Work instruction
For this exercise, copy the data exactly and omit any images.

Provided material
%%
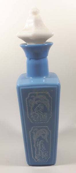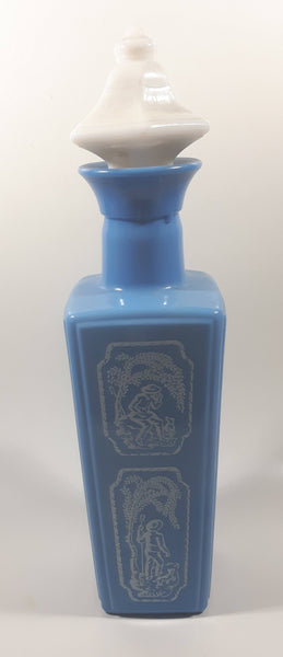 Vintage 1965 Jim Beam Whisky Blue Milk Glass Style 12 1/2" Tall Decanter Bottle
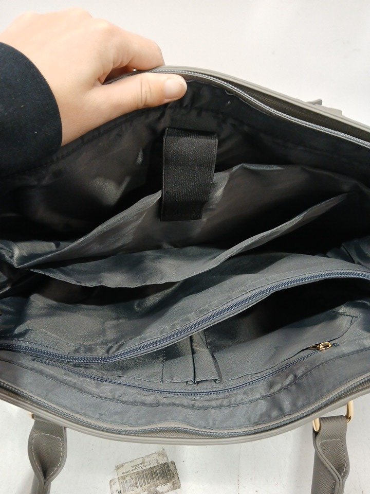 Missing clutch and over the shoulder strap. Has a line on the front of the bag.
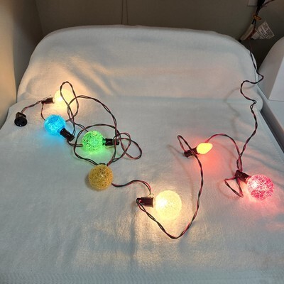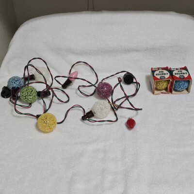 Vintage Christmas GE 8 Lighted Ice Snowball Light Bulbs & Noma Light Strand READ
%%
Answer box
 Vintage 1965 Jim Beam Whisky Blue Milk Glass Style 12 1/2" Tall Decanter Bottle
 Missing clutch and over the shoulder strap. Has a line on the front of the bag.
 Vintage Christmas GE 8 Lighted Ice Snowball Light Bulbs & Noma Light Strand READ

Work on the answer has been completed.